◆ Exercise goal
One part of the entries below is wanted: the lines from the one containing "Make some memories" through the one containing "La timoneria è". Write those out exactly and nothing else.

(Beginning of Information provided)

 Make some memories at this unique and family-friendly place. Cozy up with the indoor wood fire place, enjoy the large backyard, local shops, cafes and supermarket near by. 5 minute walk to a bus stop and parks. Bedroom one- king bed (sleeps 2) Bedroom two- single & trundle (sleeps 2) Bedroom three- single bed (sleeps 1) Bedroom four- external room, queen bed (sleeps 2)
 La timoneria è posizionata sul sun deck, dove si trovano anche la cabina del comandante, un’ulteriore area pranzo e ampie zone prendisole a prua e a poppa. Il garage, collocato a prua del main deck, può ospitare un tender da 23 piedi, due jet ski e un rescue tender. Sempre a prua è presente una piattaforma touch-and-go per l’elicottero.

(End of Information provided)
(Beginning of Information provided)

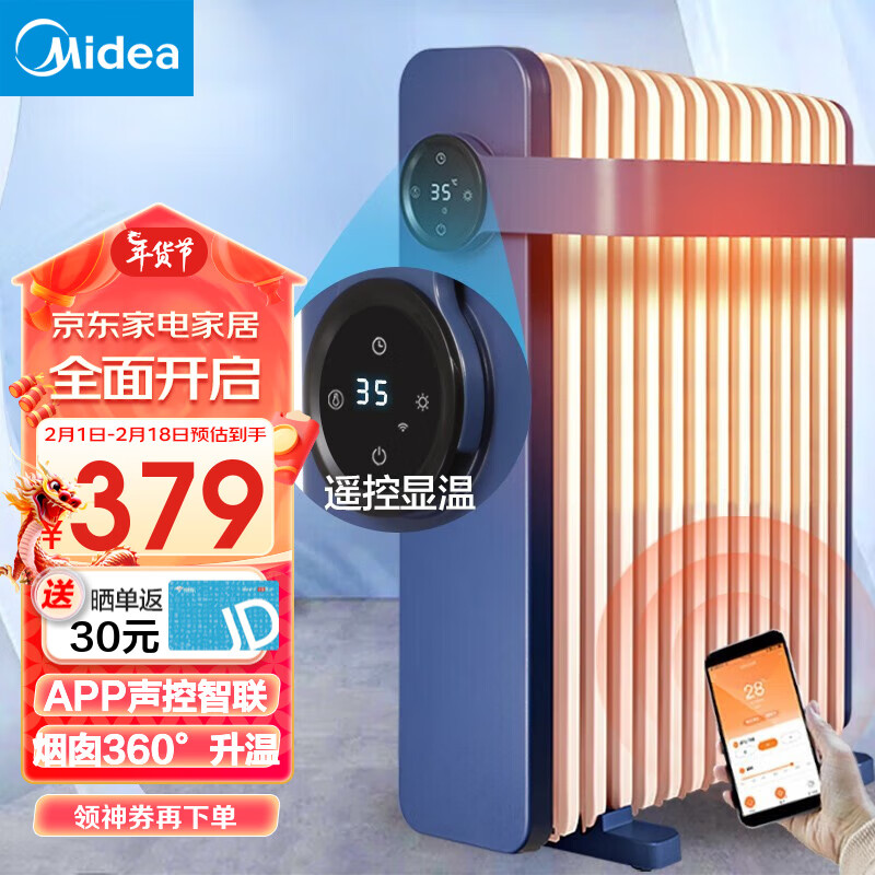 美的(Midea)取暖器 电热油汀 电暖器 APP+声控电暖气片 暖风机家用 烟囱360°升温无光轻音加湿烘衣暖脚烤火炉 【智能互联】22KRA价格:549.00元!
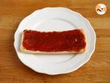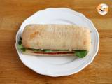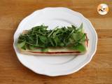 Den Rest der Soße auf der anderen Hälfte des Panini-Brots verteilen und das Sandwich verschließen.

(End of Information provided)

◆ Result of the task
 Make some memories at this unique and family-friendly place. Cozy up with the indoor wood fire place, enjoy the large backyard, local shops, cafes and supermarket near by. 5 minute walk to a bus stop and parks. Bedroom one- king bed (sleeps 2) Bedroom two- single & trundle (sleeps 2) Bedroom three- single bed (sleeps 1) Bedroom four- external room, queen bed (sleeps 2)
 La timoneria è posizionata sul sun deck, dove si trovano anche la cabina del comandante, un’ulteriore area pranzo e ampie zone prendisole a prua e a poppa. Il garage, collocato a prua del main deck, può ospitare un tender da 23 piedi, due jet ski e un rescue tender. Sempre a prua è presente una piattaforma touch-and-go per l’elicottero.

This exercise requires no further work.